[EXTRACTED INFORMATION — start]
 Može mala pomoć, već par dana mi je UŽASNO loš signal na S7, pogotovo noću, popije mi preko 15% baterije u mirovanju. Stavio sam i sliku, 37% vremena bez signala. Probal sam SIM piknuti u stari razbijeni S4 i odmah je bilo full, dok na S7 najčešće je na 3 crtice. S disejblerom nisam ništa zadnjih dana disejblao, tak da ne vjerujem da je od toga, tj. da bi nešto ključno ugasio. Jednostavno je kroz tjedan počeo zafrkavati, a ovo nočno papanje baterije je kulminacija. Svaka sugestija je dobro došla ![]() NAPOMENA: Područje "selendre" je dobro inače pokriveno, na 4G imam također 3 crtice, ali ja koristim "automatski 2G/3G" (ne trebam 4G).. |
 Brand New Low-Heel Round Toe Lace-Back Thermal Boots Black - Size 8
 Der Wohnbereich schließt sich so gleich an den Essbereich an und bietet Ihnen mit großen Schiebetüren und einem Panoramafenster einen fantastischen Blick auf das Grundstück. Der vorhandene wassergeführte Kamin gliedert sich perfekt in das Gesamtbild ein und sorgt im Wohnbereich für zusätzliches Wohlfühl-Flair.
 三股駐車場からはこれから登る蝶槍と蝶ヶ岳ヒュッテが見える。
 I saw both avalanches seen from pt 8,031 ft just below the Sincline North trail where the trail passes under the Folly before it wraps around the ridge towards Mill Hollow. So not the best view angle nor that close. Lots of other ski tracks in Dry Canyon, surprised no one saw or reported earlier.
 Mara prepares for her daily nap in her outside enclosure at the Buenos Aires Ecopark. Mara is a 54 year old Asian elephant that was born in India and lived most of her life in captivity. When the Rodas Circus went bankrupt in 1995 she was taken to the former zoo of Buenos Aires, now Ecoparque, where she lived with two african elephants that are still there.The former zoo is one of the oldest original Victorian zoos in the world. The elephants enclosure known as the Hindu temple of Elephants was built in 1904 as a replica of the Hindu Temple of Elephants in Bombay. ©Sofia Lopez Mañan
[EXTRACTED INFORMATION — finish]
» WORK ITEM:
Every line of the material should come back unchanged.

» PROBLEM SOLUTION:
 Može mala pomoć, već par dana mi je UŽASNO loš signal na S7, pogotovo noću, popije mi preko 15% baterije u mirovanju. Stavio sam i sliku, 37% vremena bez signala. Probal sam SIM piknuti u stari razbijeni S4 i odmah je bilo full, dok na S7 najčešće je na 3 crtice. S disejblerom nisam ništa zadnjih dana disejblao, tak da ne vjerujem da je od toga, tj. da bi nešto ključno ugasio. Jednostavno je kroz tjedan počeo zafrkavati, a ovo nočno papanje baterije je kulminacija. Svaka sugestija je dobro došla ![]() NAPOMENA: Područje "selendre" je dobro inače pokriveno, na 4G imam također 3 crtice, ali ja koristim "automatski 2G/3G" (ne trebam 4G).. |
 Brand New Low-Heel Round Toe Lace-Back Thermal Boots Black - Size 8
 Der Wohnbereich schließt sich so gleich an den Essbereich an und bietet Ihnen mit großen Schiebetüren und einem Panoramafenster einen fantastischen Blick auf das Grundstück. Der vorhandene wassergeführte Kamin gliedert sich perfekt in das Gesamtbild ein und sorgt im Wohnbereich für zusätzliches Wohlfühl-Flair.
 三股駐車場からはこれから登る蝶槍と蝶ヶ岳ヒュッテが見える。
 I saw both avalanches seen from pt 8,031 ft just below the Sincline North trail where the trail passes under the Folly before it wraps around the ridge towards Mill Hollow. So not the best view angle nor that close. Lots of other ski tracks in Dry Canyon, surprised no one saw or reported earlier.
 Mara prepares for her daily nap in her outside enclosure at the Buenos Aires Ecopark. Mara is a 54 year old Asian elephant that was born in India and lived most of her life in captivity. When the Rodas Circus went bankrupt in 1995 she was taken to the former zoo of Buenos Aires, now Ecoparque, where she lived with two african elephants that are still there.The former zoo is one of the oldest original Victorian zoos in the world. The elephants enclosure known as the Hindu temple of Elephants was built in 1904 as a replica of the Hindu Temple of Elephants in Bombay. ©Sofia Lopez Mañan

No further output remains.